- Born: 20 May 1930 Gloucester, England
- Died: 1 March 2021 (aged 90)
- Occupation: Stuntman

= Dick Sheppard (stuntman) =

British stuntman

Dick Sheppard (20 May 1930 – 1 March 2021), nicknamed "Daredevil Dick", was a British stuntman.

== Life and career ==
Sheppard was born in Gloucester. He attended Calton Road Junior and Crypt Grammar School. He was accepted by Cambridge University, but declined the acceptance for a job in a motorcycle shop. He owned the Whitepost Garage in Bristol Road. He was a member of the Dare Devils' Disaster Squad, and the Motor Stunt Team.

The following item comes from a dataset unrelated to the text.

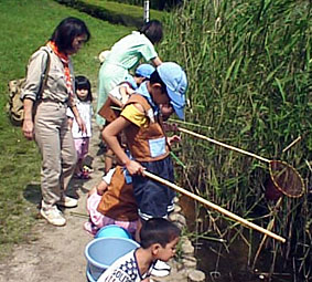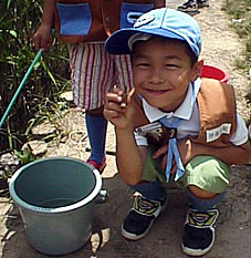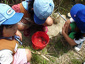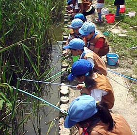 台風一過の晴天の下、朝10時から11時までみんなで頑張ってザリガニを釣りました。
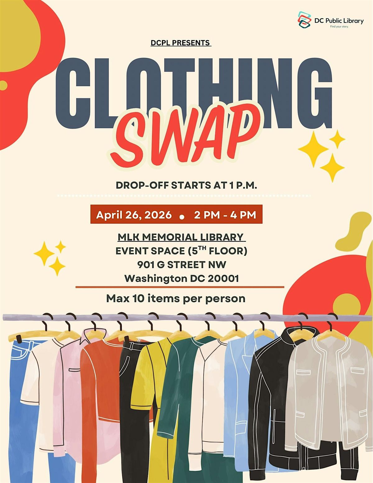Join us at MLK Library for a clothing swap where you can exchange your pre-loved clothing for new-to-you treasures. Whether you're looking to declutter or find some unique pieces, this event is perfect for all fashion enthusiasts.

In 1969, Sheppard held the record of riding through a 30 foot tunnel of fire, and he performed as a stunt driver in the film The Italian Job. He also performed stunts in the films Thunderball and Diamonds Are Forever, and understudied for Sean Connery in a James Bond film. According to the Western Daily Press, in 1973, he stated that "he has destroyed more vehicles than anyone in the world". In the same year, he received injuries when he fell of his motorcycle after losing consciousness during a tunnel fire ride in Leek, Staffordshire.

Sheppard retired in 1993, and according to his Stroud News & Journal obituary, he wrecked over 2,000 cars.

== Death ==
Sheppard died on 1 March 2021, at the age of 90.